Frequently Asked Questions
Is it legal to scrape websites for contact information?
It depends on the jurisdiction, the site, and what you do with the data. Scraping publicly available business contact information — emails listed on a company’s website, phone numbers on a contact page — is generally considered legal in most countries, including the US, as long as you’re not bypassing authentication, violating robots.txt in a harmful way, or collecting personal data regulated under GDPR without a lawful basis. Always check the terms of service for specific sites and consult a lawyer if you’re operating at significant scale or targeting European users.
How accurate is regex-based email extraction?
Reasonably accurate for standard email formats, but it misses obfuscated addresses (e.g., name [at] company [dot] com) and emails embedded in images. Combining regex with Claude’s language understanding closes most of those gaps. Expect around 70–80% coverage on a typical business website, with the remaining 20–30% requiring manual follow-up or a different source.
What’s the best source for B2B leads besides company websites?
Business directories like Clutch, G2, Crunchbase, and AngelList often have more structured data than individual company sites. Industry association member directories are also underused. For very specific niches, niche job boards, conference speaker lists, and award program pages are worth targeting — they often include names and company affiliations that you can then look up directly.
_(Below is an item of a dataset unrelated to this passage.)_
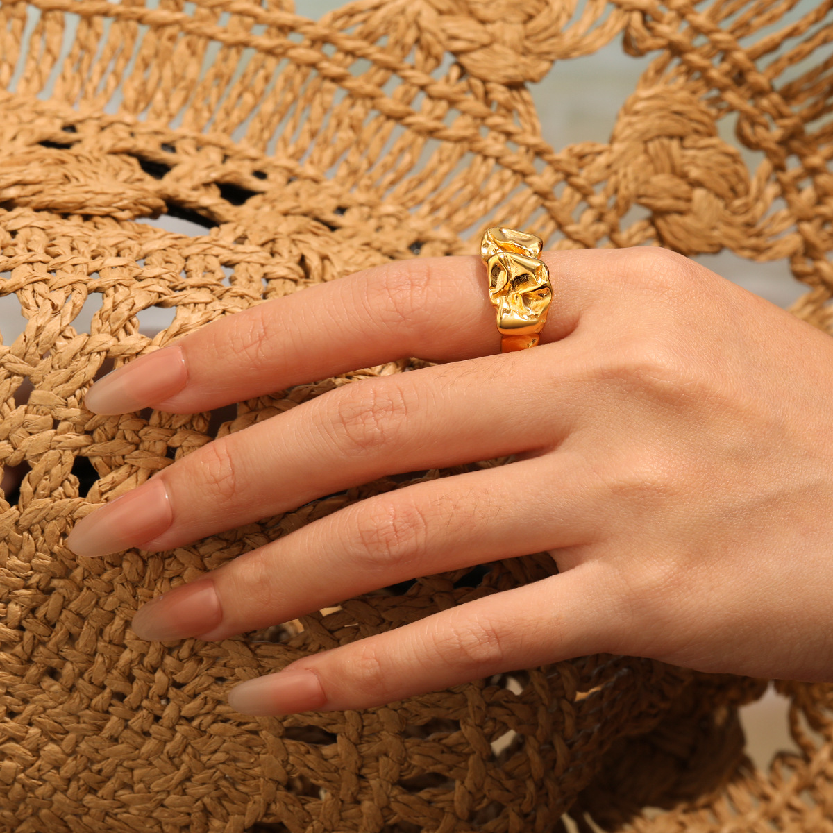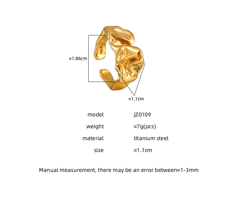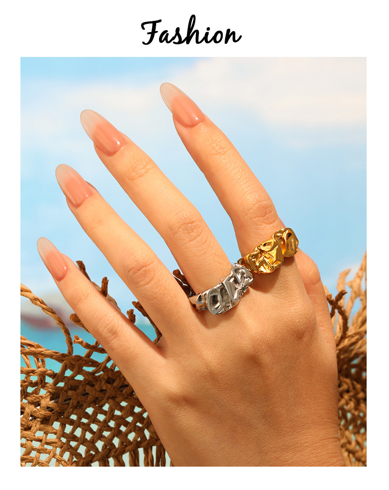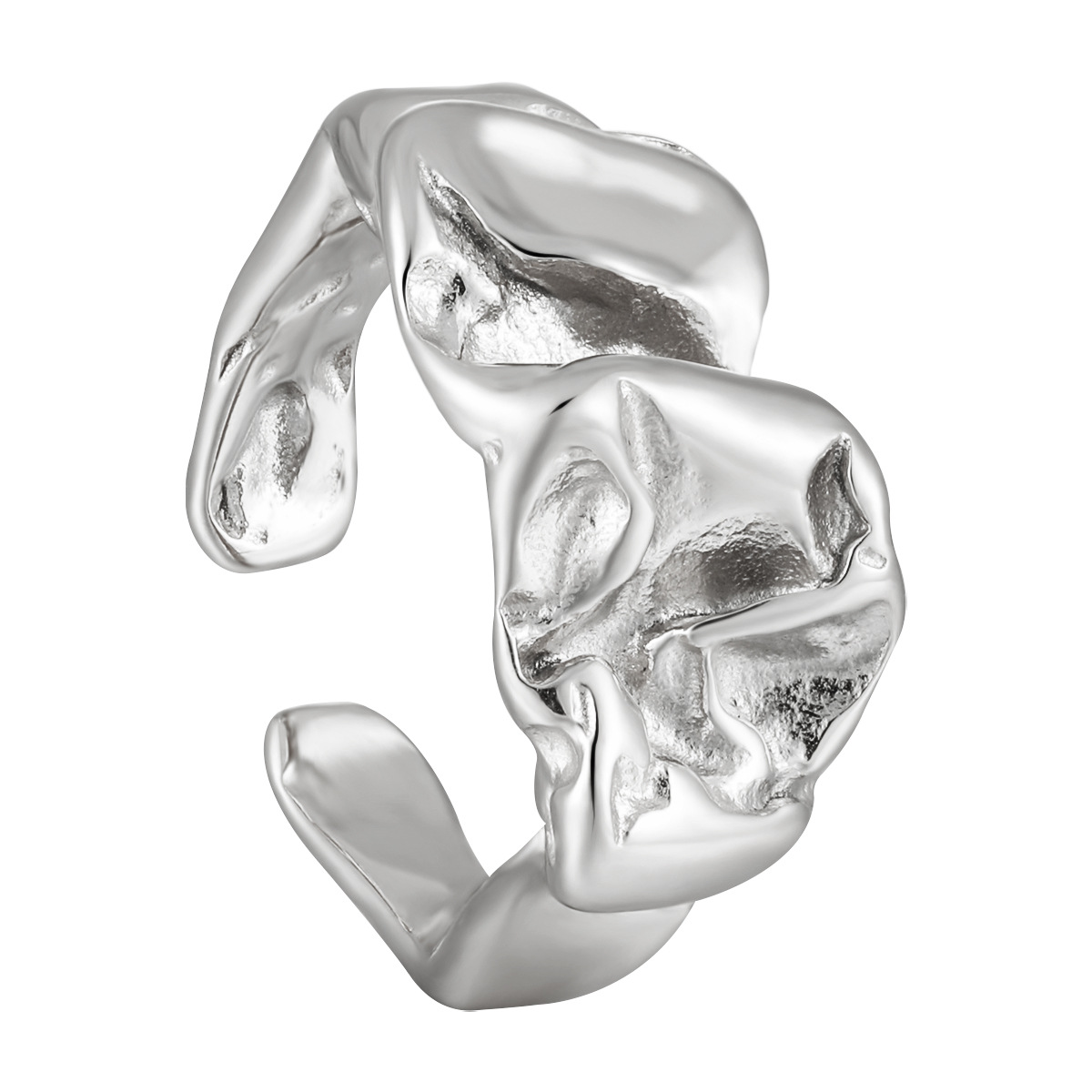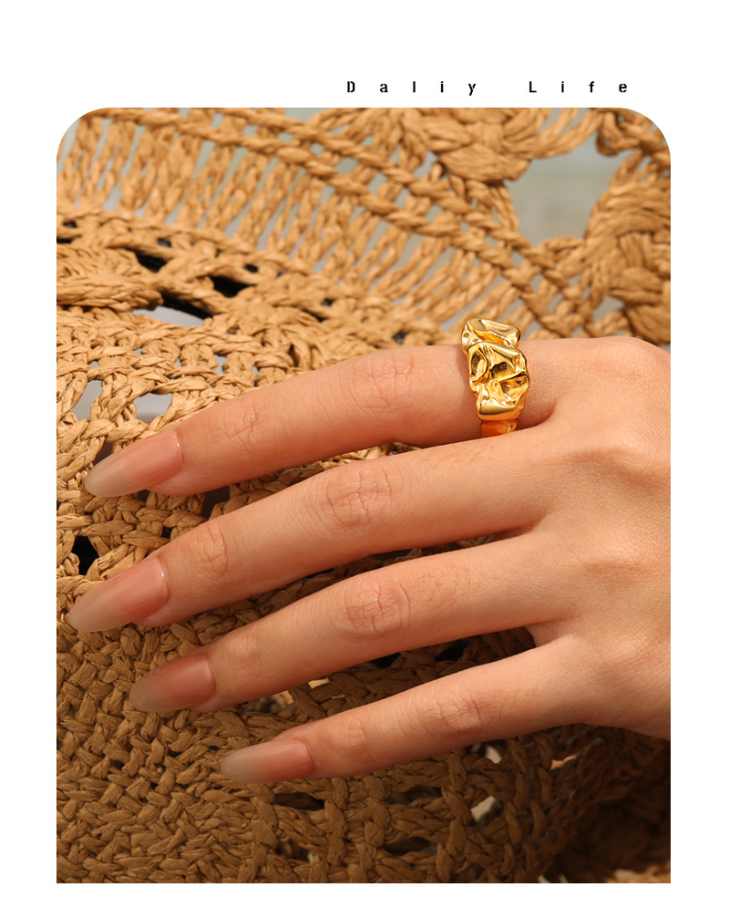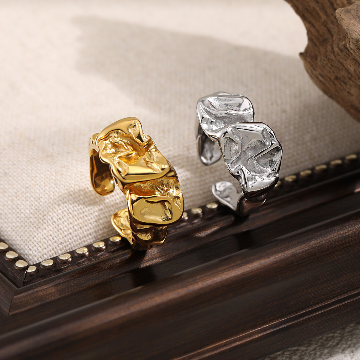 欧美时尚火山岩纹皱褶戒指不规则个性设计ins高级感钛钢开口指环

How do I avoid getting my IP blocked?
Use reasonable delays between requests (2–5 seconds), rotate user agents, and don’t hammer the same domain repeatedly. For large-scale scraping, consider using a rotating proxy service. Most small-scale lead generation (hundreds of sites per day) won’t trigger blocks on typical business websites.
Can this agent work with LinkedIn?
LinkedIn actively blocks automated scraping and enforces this aggressively. Their robots.txt disallows most crawler activity, and their terms of service prohibit scraping. There are compliant ways to use LinkedIn for prospecting — the Claude Code LinkedIn outreach guide covers what’s possible within those boundaries.
How do I handle sites that require JavaScript to render their content?
Playwright handles JavaScript-heavy sites natively because it runs a real browser engine. Just make sure you’re using waitUntil: 'networkidle' or waiting for specific elements to appear before extracting text. This covers most SPAs and dynamic contact pages. The guide on automating browser tasks with Claude Code and Playwright CLI covers advanced waiting strategies.
Key Takeaways
- A web scraping agent that finds leads combines Playwright for browser automation, regex for contact extraction, and Claude for intelligent parsing and enrichment.
- Structure your pipeline in layers: search → collect URLs → visit pages → extract data → save results.
- Handle edge cases early: skip irrelevant domains, deduplicate, filter generic email addresses.
- Use parallel execution (
p-limit) to scale from hundreds to thousands of sites without proportionally increasing runtime. - Claude’s language understanding fills the gaps that regex misses — obfuscated emails, structured team pages, and ambiguous content.
- For teams that need a real interface around this workflow rather than a collection of scripts, Remy lets you build the full product from a spec.